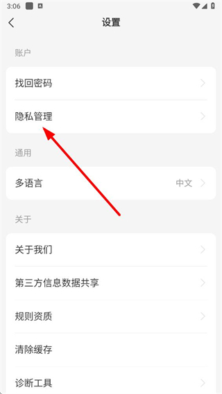 2、在設置界面,點擊隱私管理選項,進入隱私管理頁面。
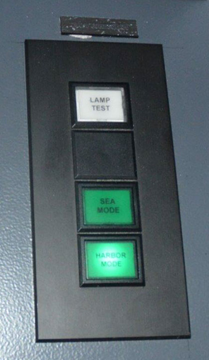 The vessel has autopilot and 2 manual steering controls (wheel and pod). Both autopilot and the 2 manual steering controls have 2 modes: harbour and sea (Figure 5). Sea mode is usually used for transiting in open waters; harbour mode is used for manoeuvring in restricted waters and berthing. When the vessel's speed exceeds 8 knots, the harbour/sea mode alarm sounds to alert the master that he or she has the option to put the vessel in sea mode. When autopilot or pod steering control is used in sea mode, the pods are restricted to moving ±30° from the centreline.Footnote 16
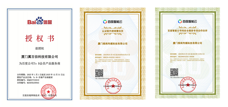 2022年 与百度合作,成为百度号码认证、百度智能云福建运营服务商,基于百度搜索和AI模型,在百度搜索结果展示企业专属认证,同时为企业用户提供搜索全场景覆盖,一站式解决所有号码需求;
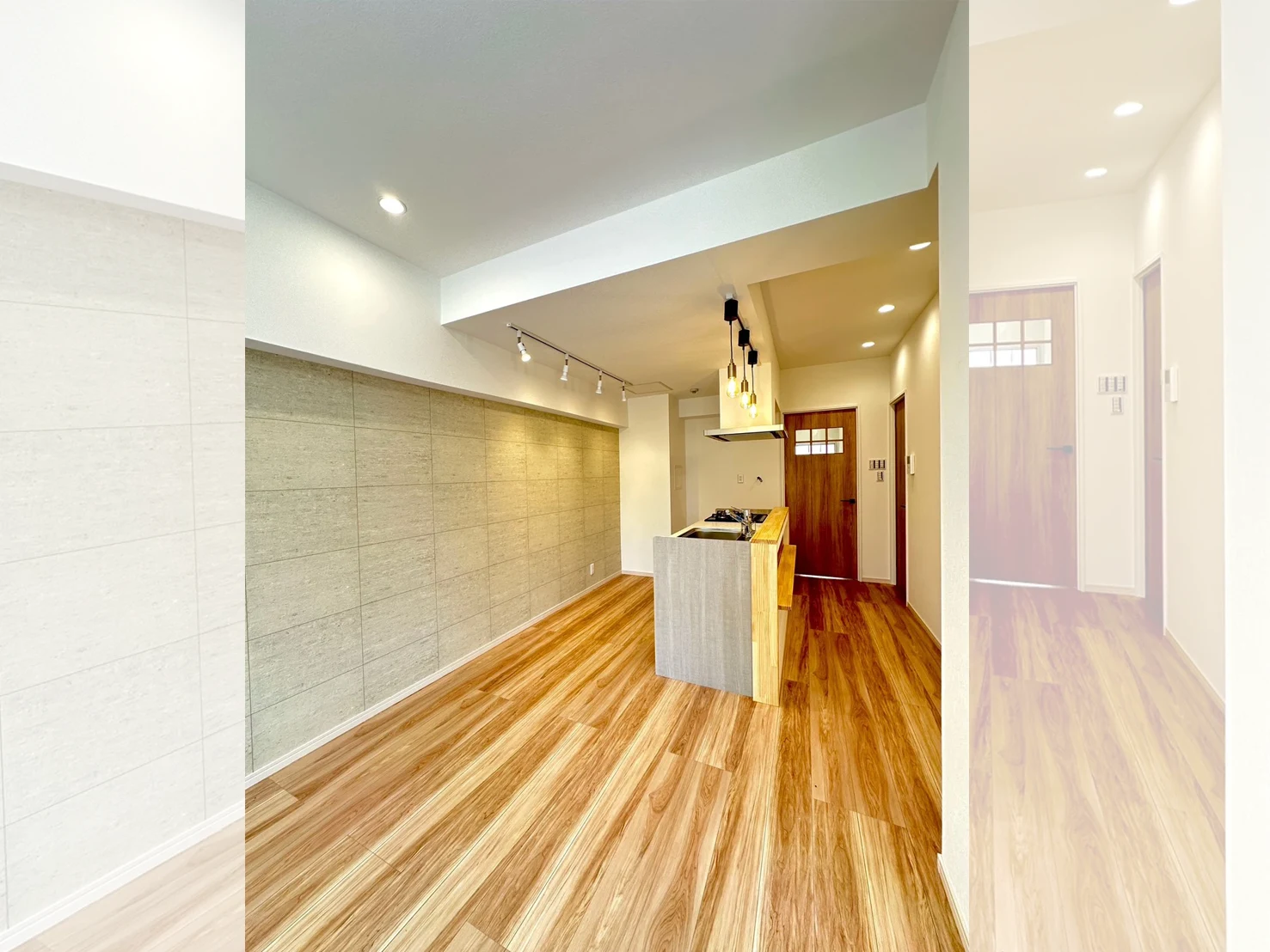 壁際にあったキッチンを中央に位置し、同線を増やし使用者次第では色々な使い方ができる配置とデザインで仕上げました
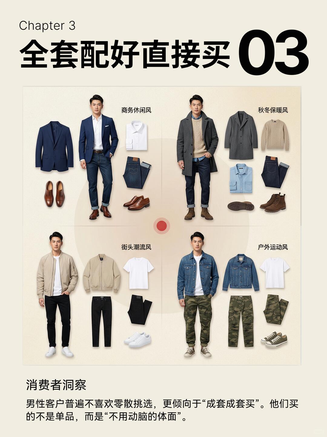 📍 洞察: 男人不喜欢零卖,他们买的是“不用动脑的体面”。
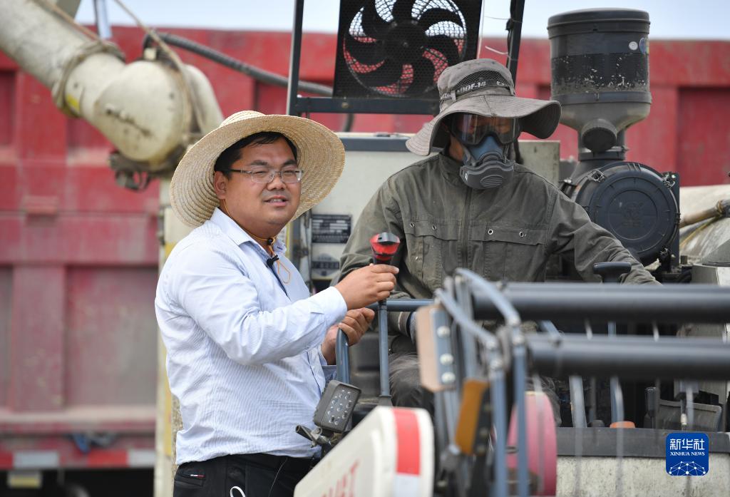 6月8日,薛強(左)在收割小麥間隙與合作社的一名農機手交流。
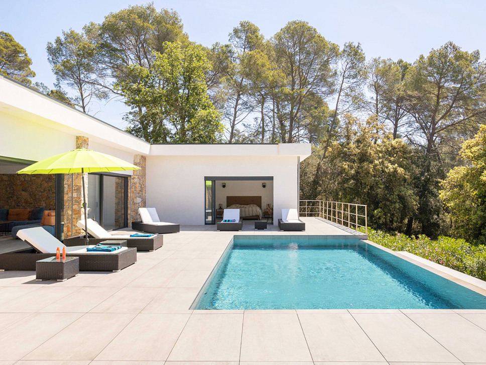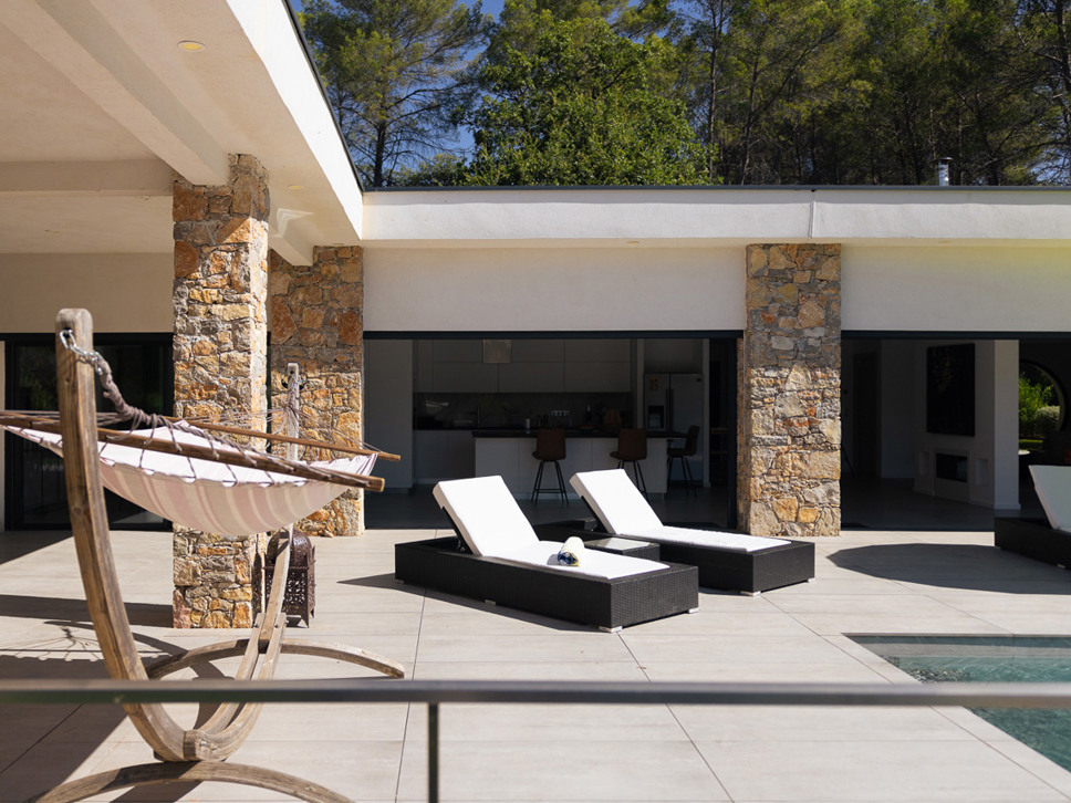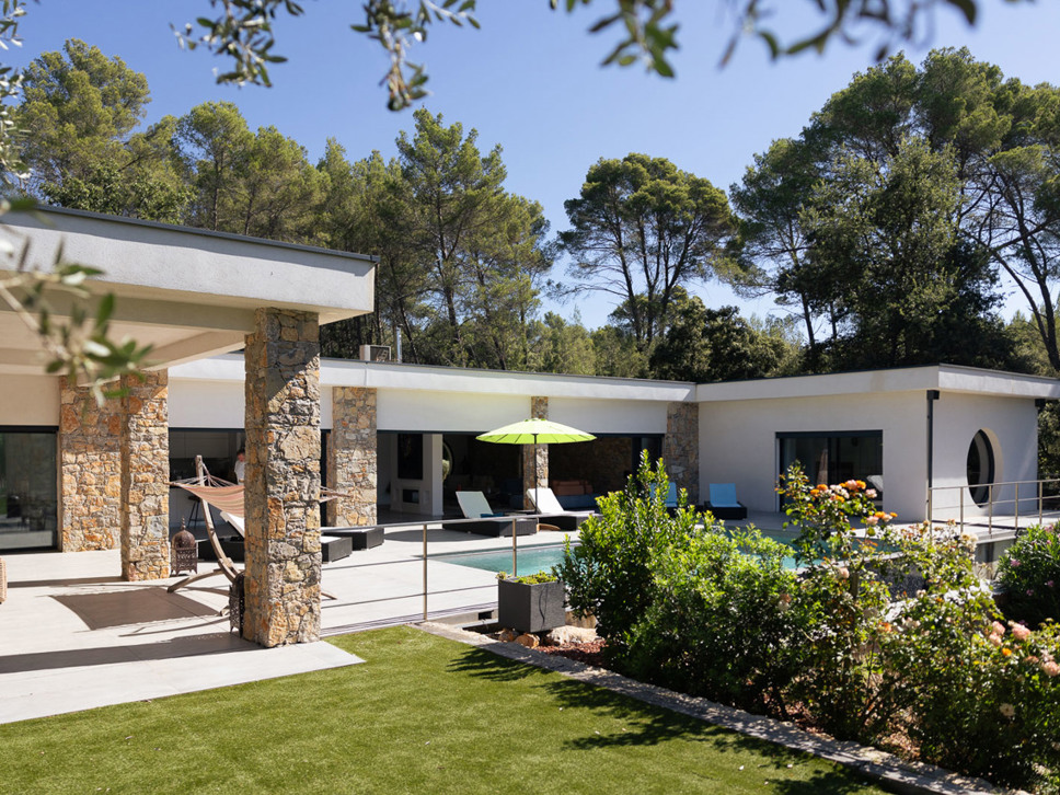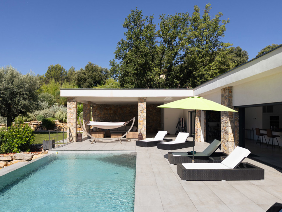 Prachtige moderne villa met privé zwembad te Trans en Provence, Provence. Geheel voorzien van airconditioning. Rust, privacy en luxe kenmerken deze villa. Geschikt voor 8 volwassenen en 3 kinderen.
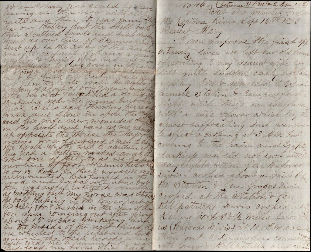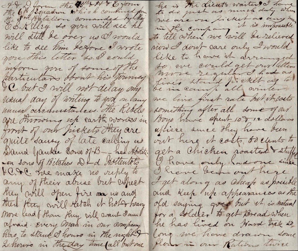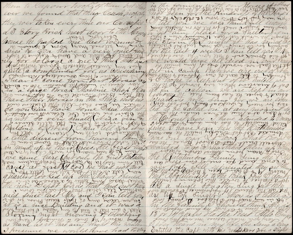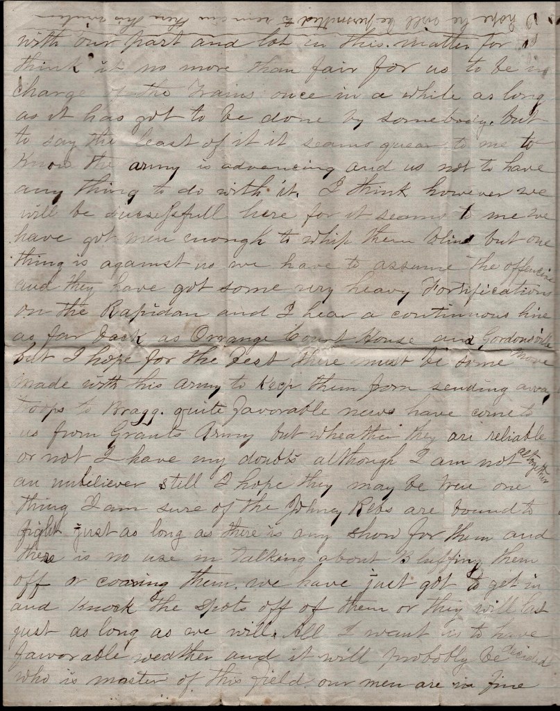 He—this conductor—told me to get a pass from our colonel & come over to his camp some day & he could get a pass from Mac that would take us anyplace in & around this place or any other place. He used to know Mac in Chicago for Mac used to be in the railroad business there & he says he is not afraid to ask a favor of him. I am going to try it someday when I can get away just as well as not but don’t know when that time will come. I have not had the pleasure of seeing it since I have been here for it is fix this & fix that, & do this & do that the whole of the time. I get tired of it. It seems as though we were never going to get regulated in camp in the world but it has been awful muddy all the time since we have been here. It is mud & rain, they say, here all winter instead of snow. If so, I tell you it is going to be awful this winter for it is middling level ground where our camp is & it will be horrible for it is mean to drain. We have to dig drains behind our horses for they stand in front of our tents and they have to be kept just as neat as if they was in a stable without 1 sprinkle of bedding & they be. My horse ran away with me last night coming from water. I ran into another man with two horses & it stopped him. I did not get hurt any but it hurt the other man some—not bad though. I have not got any bridle yet so he got the start of me. I will get one now for the farrier said I need not take him outside the guard unless they furnished me one for it was running the risk of my life as well as the life of others.
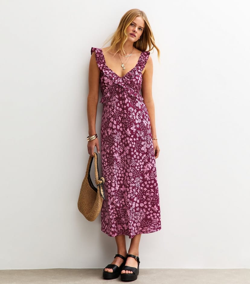This burgundy floral print midi dress by New Look features a V-neckline and ruffled straps. Made from woven fabric, it offers a slim fit and is perfect for summertime.
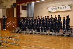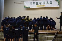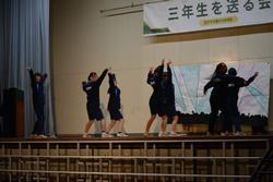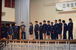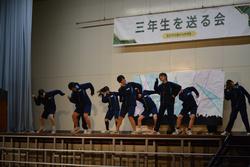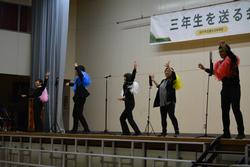 いよいよ、1,2年生合同の発表。新しい試みでしたが、劇のキャスト、ダンサー、そして音響証明や大道具・小道具と各部署が頑張ってくれたことがよくわかりました。根木中の卒業生5人がオーディションを受けに行くという設定の劇。オーディションを進めていく中に、根木中生ならではのスキルや3年生のいろいろな想いでエピソードなど楽しさ満載の劇でした。そして2年生の合唱「空」に会場の雰囲気は「感動」の涙も見られました。今年度のNHKコンクールの課題曲ですが難しい曲を素敵に歌い上げてくれました。最後に「エール」。1年生は1番を歌い、2年生が2番から参加。力を合わせて感動の曲を歌いあげました。1,2年生合同で成長を見せてくれた発表。きっと3年生に気持ちも通じて恩返しになったと思います。
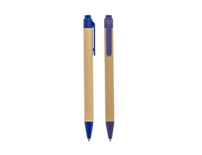 Caneta de papelão com detalhes plásticos, carga esferográfica azul e acionamento por clique.
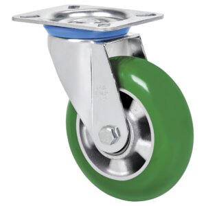 Ruedas con núcleo de aluminio y banda de forma balona de poliuretano verde de dureza 80º shoreA. Especialmente indicada para soportar cargas hasta 650 Kg.
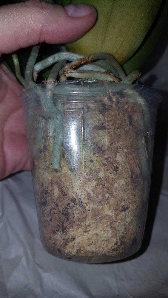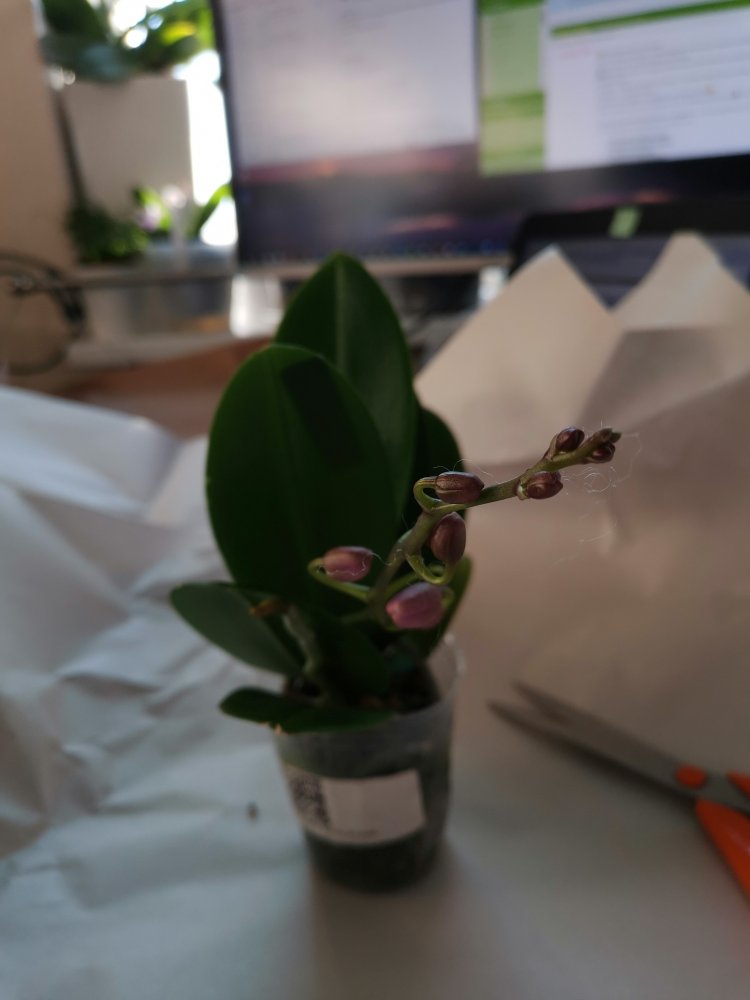 Удалось отхватить на распродаже на "Чёрной пятнице" шикарную, взрослую Phal. I-Hsin Cherry Bomb. Растение в горшке 3,5, мох хорошо просушен, видны корешки и что самое главное виден растущий цветонос. У растения также имеется три старых срезанных цветоноса. Листья в хорошем тургоре.
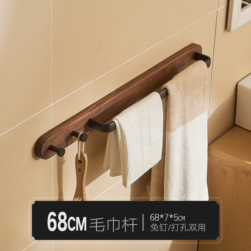 월넛 단단한 나무 타월 바 펀치 프리 벽걸이 공간 알루미늄 욕실 랙 욕실 다기능 타월 랙
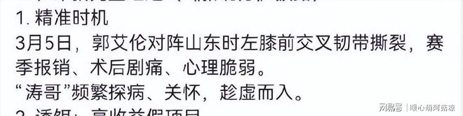造谣者说郭艾伦术后回辽宁看厂房、被骗子趁虚而入。

What is being asked: Exercise for the records above: copy only the lines from the one with "The vessel has" to the one with "Prachtige moderne villa", both ends kept, and drop the pictures.

Exercise output:
 The vessel has autopilot and 2 manual steering controls (wheel and pod). Both autopilot and the 2 manual steering controls have 2 modes: harbour and sea (Figure 5). Sea mode is usually used for transiting in open waters; harbour mode is used for manoeuvring in restricted waters and berthing. When the vessel's speed exceeds 8 knots, the harbour/sea mode alarm sounds to alert the master that he or she has the option to put the vessel in sea mode. When autopilot or pod steering control is used in sea mode, the pods are restricted to moving ±30° from the centreline.Footnote 16
 2022年 与百度合作,成为百度号码认证、百度智能云福建运营服务商,基于百度搜索和AI模型,在百度搜索结果展示企业专属认证,同时为企业用户提供搜索全场景覆盖,一站式解决所有号码需求;
 壁際にあったキッチンを中央に位置し、同線を増やし使用者次第では色々な使い方ができる配置とデザインで仕上げました
 📍 洞察: 男人不喜欢零卖,他们买的是“不用动脑的体面”。
 6月8日,薛強(左)在收割小麥間隙與合作社的一名農機手交流。
 Prachtige moderne villa met privé zwembad te Trans en Provence, Provence. Geheel voorzien van airconditioning. Rust, privacy en luxe kenmerken deze villa. Geschikt voor 8 volwassenen en 3 kinderen.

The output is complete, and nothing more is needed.